Sure, Santa is real, but how powerful is he?
(File Photo)

A holiday-related question has been plaguing me lately. And if you’ve been reading my columns for a little while, you know when an absurd question grabs hold of my brain, I have to sort it out, no matter how much time it takes me.

We all know that Santa Claus is a magical, elder being who somehow makes his way to every home in the world to leave gifts for all the children (and some of the adults) who have been good this year, making his annual run every Christmas Eve. The question is not so much how he does it, because we’ve established it’s nothing short of Christmas magic. The question is how powerful is Santa’s magic that he’s able to accomplish this in a single night?

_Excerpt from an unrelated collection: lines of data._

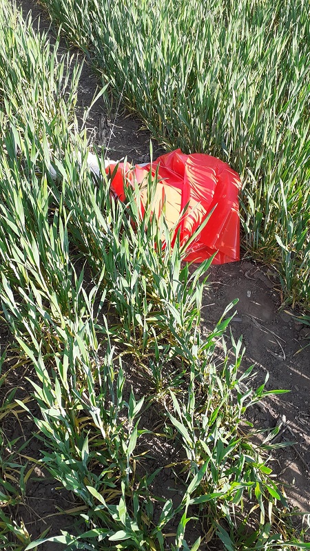 tatsächlich konnte ich den roten Fallschirm in einer der Traktoren Fahrspuren entdecken. Er hatte sich ganz unten
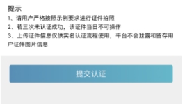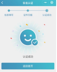 完成信息填寫(xiě)、證件掃描提交后完成認(rèn)證,顯示“認(rèn)證成功”。
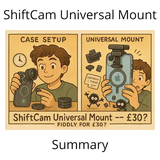 A visual summary of my new video review of the ShiftCam Universal Mount. Is the mount any good? Watch to find out here https://youtu.be/dACvFHohR2Y
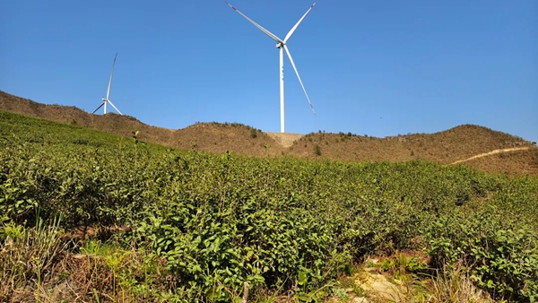 春回大地,万物复苏。近日,贵州省黔南州平塘县平舟镇摆克村3000亩凉伞石茶园春意正浓,粉色樱花与翠绿茶园、旋转风机构成了独特景致,吸引游客前来赏景、“采春”,感受茶山春色。
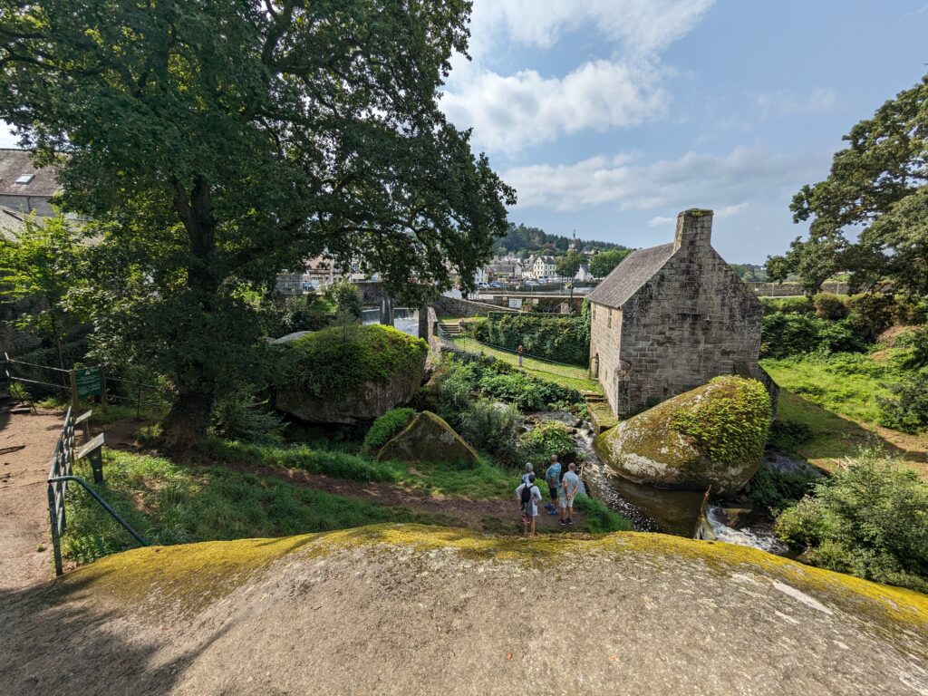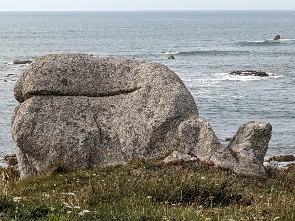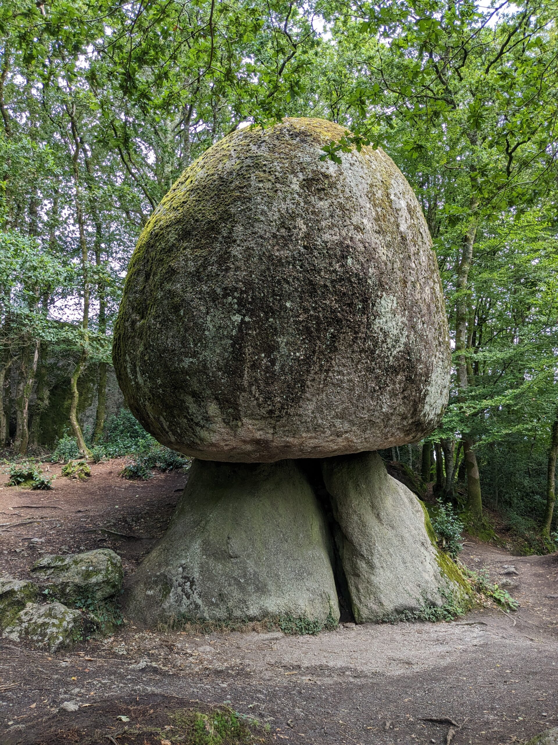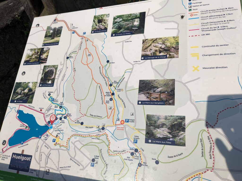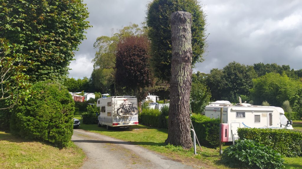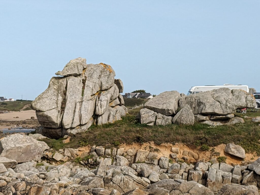 Nach nur 5 km quartieren wir uns früh auf dem Camping Municipal in Huelgoat ein. Auf festem Beton kann nichts passieren. 22,34 Euro bezahlen wir hier für einen Riesenplatz. Das Wetter ist gerade gut, wer weiß wie lange, also schnell Baguettes geschmiert und auf geht’s, zum „Le Chaos der Huelgoat“. Erstmal entlang des Sees. Dann ins Chaos, in die Grotte des Diable, zur Ménage la Vierge. Zum „La Roche Tremblante“ wenn man hier an der richtigen Stelle drückt, bewegt er sich tatsächlich ein klein wenig. Zu guter Letzt werfen wir noch einen Blick auf den „Champignon“, ist aber wohl eher ein Steinpilz. Nebenher haben wir einen Labcach abgeschlossen. Mit den üblichen Problemen in Frankreich schreibt man die Antworten mit oder ohne Tüdelchen? Da braucht es manchmal mehrere Anläufe. Wir laufen jedenfalls erst einmal eine Eisdiele an und dann geht es zurück zum Campingplatz. Nach einem Päuschen schwingen wir uns noch einmal auf die Räder und erledigen im Intermaché die nötigsten Einkäufe, bevor wir den Abend auf dem „Sofa“ beenden.

By Dec. 24, there are eight hours and 11 minutes of daylight; coming just off the winter solstice, it’s not a surprise the day is relatively short. This leaves 15 hours and 49 minutes of time between sunset and dawn of Christmas Day, per hemisphere. In that time, Santa, propelled only by his airborne, nine-horsepower (more accurately, reindeer-power) sleigh, must deliver gifts to approximately 2.3 billion homes, assuming each one has at least one person on the nice list. He must then consume his traditional cookies and milk and make a swift exit, preferably without being seen.

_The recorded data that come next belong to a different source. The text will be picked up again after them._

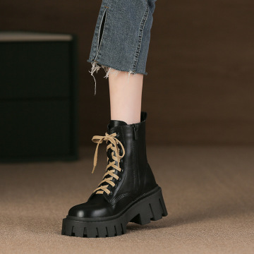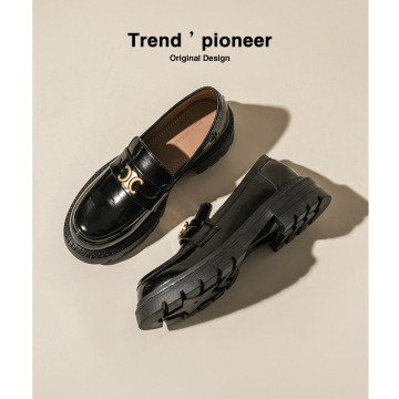 2024 새로운 영국 스타일 로퍼 여성 라운드 발가락 솔리드 컬러 게으른 슬립 온 작은 가죽 신발 두꺼운 굽 두꺼운 밑창 여성 신발
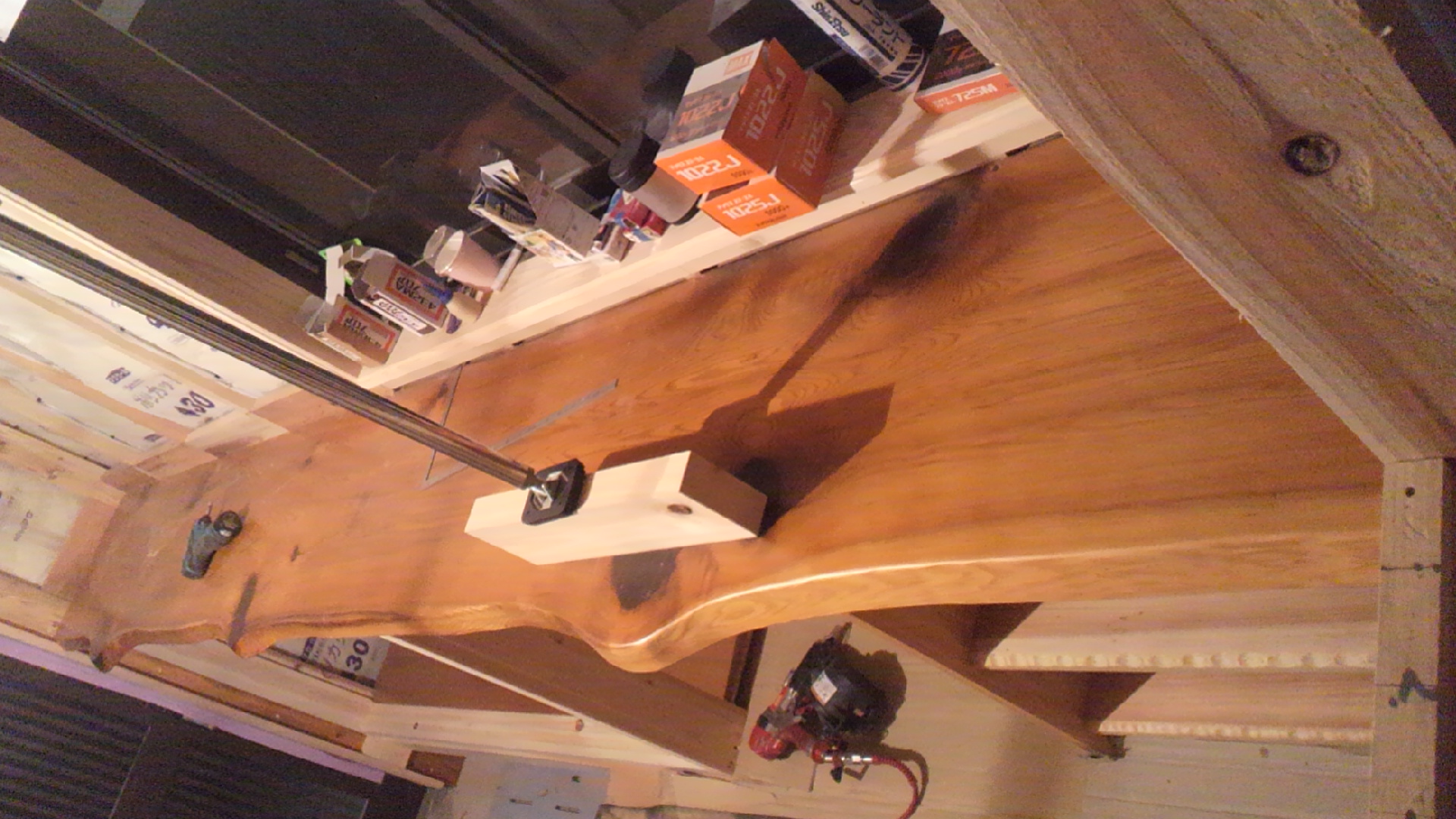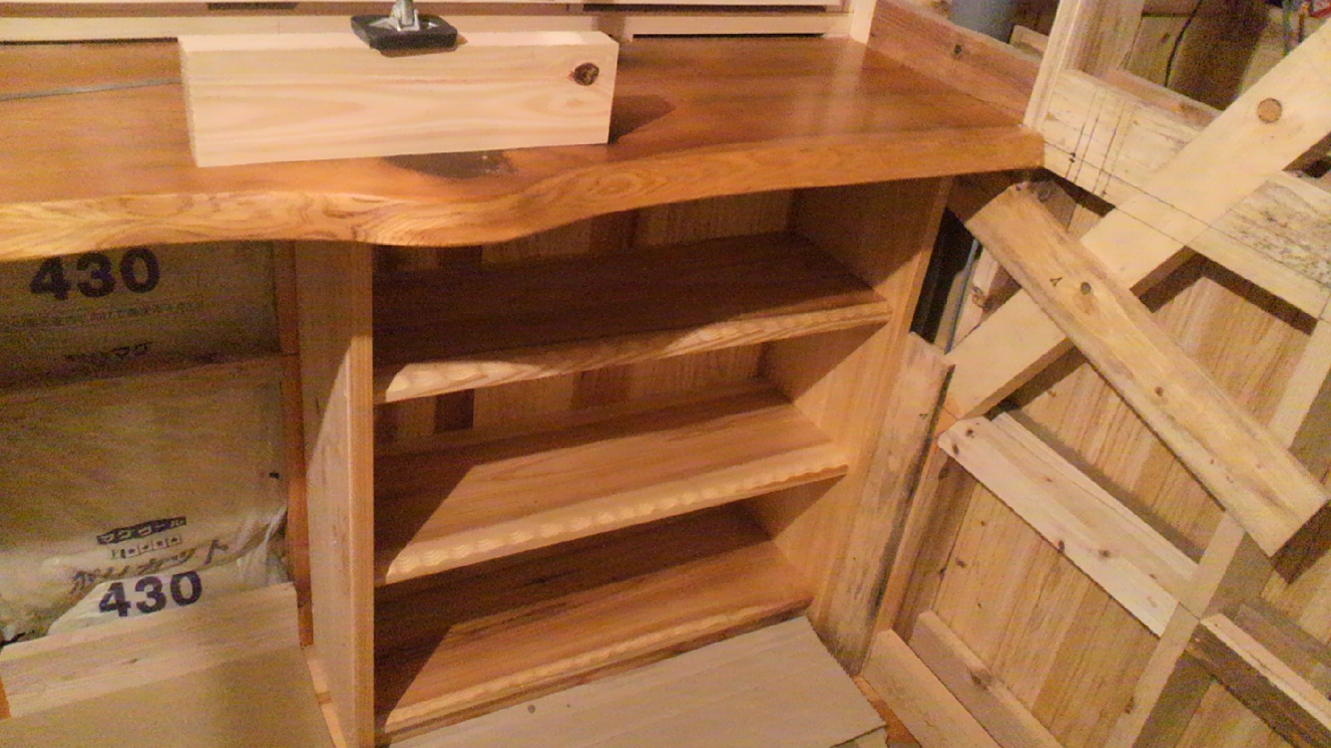 玄関の下駄箱の施工中です。天板には杉の一枚板を使用しました。玄関ホール側には棚を作りました。
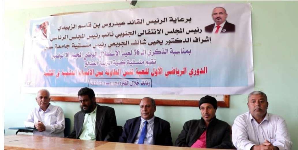 دشن رئيس الهيئة التنفيذية للمجلس الانتقالي الجنوبي بمحافظة الضالع العميد عبدالله مهدي سعيد، بمعية رئيس منسقية المجلس الانتقالي بجامعة عدن الدكتور يحيى شائف، صباح اليوم الثلاثاء منافسات بطولة تنس الطاولة لأقسام كلية التربية التي تنظمها منسقية المجلس الانتقالي بالكلية. وشهد حضور افتتاح البطولة عدد من الشخصيات الأكاديمية منهم رئيس منسقية كلية التربية الضالع الدكتور نبيل صالح صوحل، ونائبا عميد كلية التربية الدكتور عبدالسلام يحيى والدكتور مصطفى الحاج، إلى جانب مشرف المجلس التنسيقي لمنظمات المجتمع المدني بالمحافظة الأستاذ فضل هادي، والدكتور عبدالله الوبر رئيس اتحاد أدباء وكتاب الجنوب، وعدد من أعضاء الهيئة التدريسية والتدريسية المساعدة بالكلية. ويأتي تنظيم المنسقية للدوري الرياضي الاول في لعبة تنس الطاولة بين الأقسام العلمية على مستوى كلية التربية الضالع تزامناً مع حلول الذكرى السادسة والخمسين لعيد الاستقلال الوطني الجنوبي الأول الثلاثين من نوفمبر، وضمن الأنشطة الدورية التي تنفذها المنسقية برعاية الرئيس القائد عيدروس الزبيدي. وحسب إدارة المنسقية فأن إقامة مثل هذه الفعاليات الرياضية تهدف لخلق أجواء من التنافس الرياضي والتحدي بين طلاب الاقسام المختلفة تسودها الإلفة والمحبة والروح الرياضية.

Assuming he leaves the North Pole at sundown, Santa has 1,085,880 seconds to do his three-task routine 2.6 billion times. This means he has approximately 0.0004 second per house. The planet is approximately 25 million square miles, which means if Santa were to accomplish his trip in a single night, using the cover of night at about 31 hours and 38 minutes for both hemispheres, he would be traveling at approximately 793,650 mph (1,277,255 km/h).

This is more than 100 times the speed of sound but woefully short of the speed of light. This also explains why Santa is so hard to spot with the untrained eye; far before our visual cortex catches up to what’s happening in front of us, he’s on to the next house.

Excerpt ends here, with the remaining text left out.